- Directed by: Jack Darcus
- Written by: Jack Darcus
- Produced by: Tom Braidwood Jack Darcus
- Starring: Alan Scarfe Barbara March Jon Bryden
- Cinematography: Tony Westman
- Edited by: Jack Darcus Bill Roxborough Doris Dyck Ingrid Rosen
- Music by: Michael Conway Baker
- Production company: Exile Productions
- Release date: 1983;
- Running time: 96 minutes
- Country: Canada
- Language: English

= Deserters (film) =

Deserters is a Canadian drama film, released in 1983. Written and directed by Jack Darcus, the film stars Alan Scarfe as Ulysses Hawley, a United States Army officer who is in Canada undercover to arrest Vietnam War draft dodgers.
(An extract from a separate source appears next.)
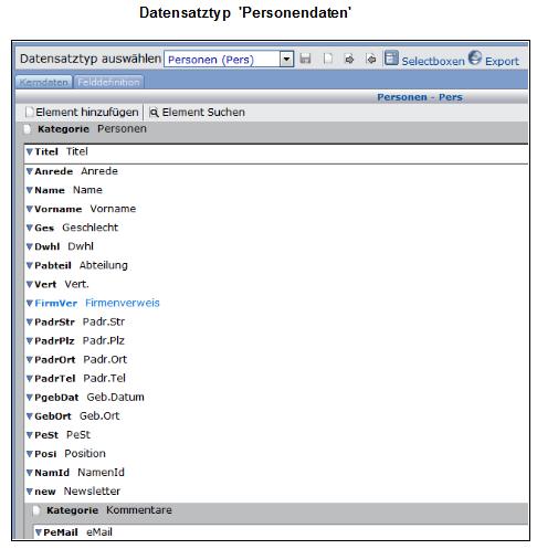 Die Gliederung eines Datensatztypes sowie die funktionellen Verknüpfungen von Datenfeldern erfolgt in der 'Felddefinition'.

The film's cast also includes Barbara March, Jon Bryden and Dermot Hennelly.

The film garnered six Genie Award nominations at the 5th Genie Awards in 1984, for Best Actor (Scarfe), Best Actress (March), Best Director (Darcus), Best Screenplay (Darcus), Best Editing (Darcus, Bill Roxborough, Doris Dyck and Ingrid Rosen) and Best Original Score (Michael Conway Baker).